According to recent epidemiological data in Japan,
stroke affects roughly 5.3 males and 3.9 females per 1000 person-years and is the third leading cause of mortality. At present, management strategies for
secondary prevention of
stroke include aggressive treatment of cardiovascular risk factors (i.e.,
hypertension, smoking cessation, etc.).
Antiplatelet drugs in Japan, namely
aspirin and
cilostazol, are utilized regularly for the prevention of secondary
stroke. While
aspirin is beneficial for a wide range of cardiovascular endpoints, including total and
ischemic strokes, it is also associated with significantly increased risks for hemorrhagic
infarction.
Cilostazol, by contrast, has been shown to significantly reduce the risk of recurrent
strokes without affecting the occurrence of
intracranial hemorrhage. In the
Cilostazol Stroke Prevention Study, a randomized double-blind, placebo-controlled trial involving more than 1000 Japanese patients,
cilostazol was found to reduce the risk of secondary
stroke by 41.7% compared with placebo, a statistically significant reduction (P = 0.015). The greatest risk reduction (43.4% in
cilostazol versus placebo, P = 0.0373) was found in patients who initially had a
lacunar infarction, suggesting that
cilostazol has a specific effect against small-vessel disease.

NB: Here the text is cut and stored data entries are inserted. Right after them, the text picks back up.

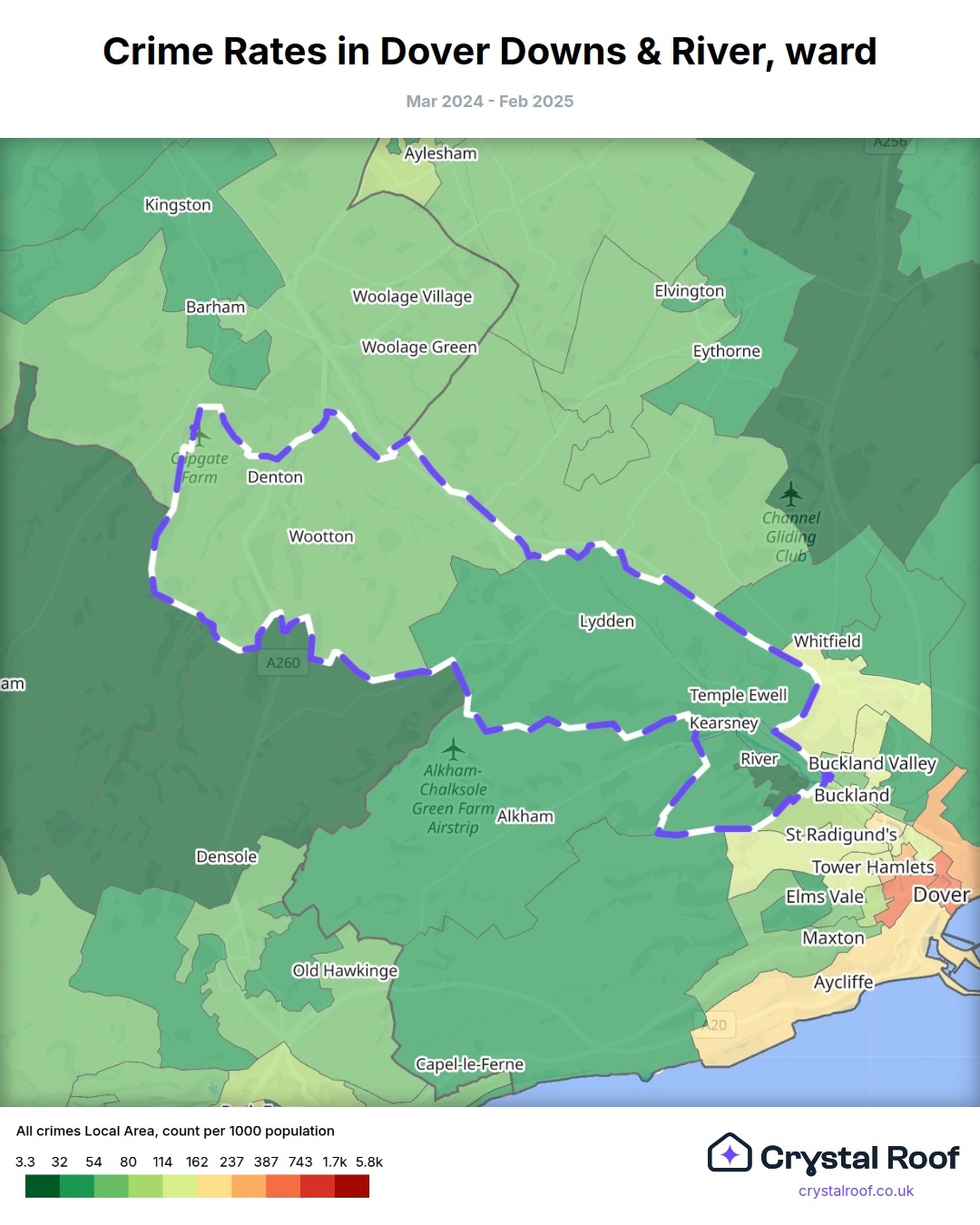 The figures in grey indicate the relative ratings of Dover Downs & River (ward) for a specific crime type compared to other wards in England and Wales.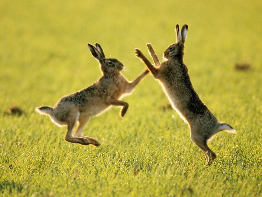 Когда два зайца, становились на дыба.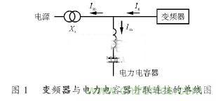 電力電容器由于諧波引起并聯(lián)諧振,則有異常電流流入電容器,其結(jié)果是導(dǎo)致電容器過熱,絕緣層被破壞。通常,當(dāng)電源阻抗充分小(電源設(shè)備容量大)時(shí)產(chǎn)生的故障很少,但要考慮高次諧波對(duì)低壓電力電容的影響,因此可使用帶6豫串聯(lián)電抗器的電力電容器來減小諧波干擾,電抗器與電力容器、變頻器連接圖如圖1所示。

In addition,
cilostazol achieved significant risk reductions on a number of combined endpoints (e.g.,
cerebral infarction,
intracranial hemorrhage,
myocardial infarction, or vascular death), and was associated with benefits in intent-to-treat analyses. These findings indicate that
cilostazol may have a role as a vascular
neuroprotectant, but the clinical implications are limited by the fact that patients were randomized to placebo instead of
aspirin, which is the standard of care.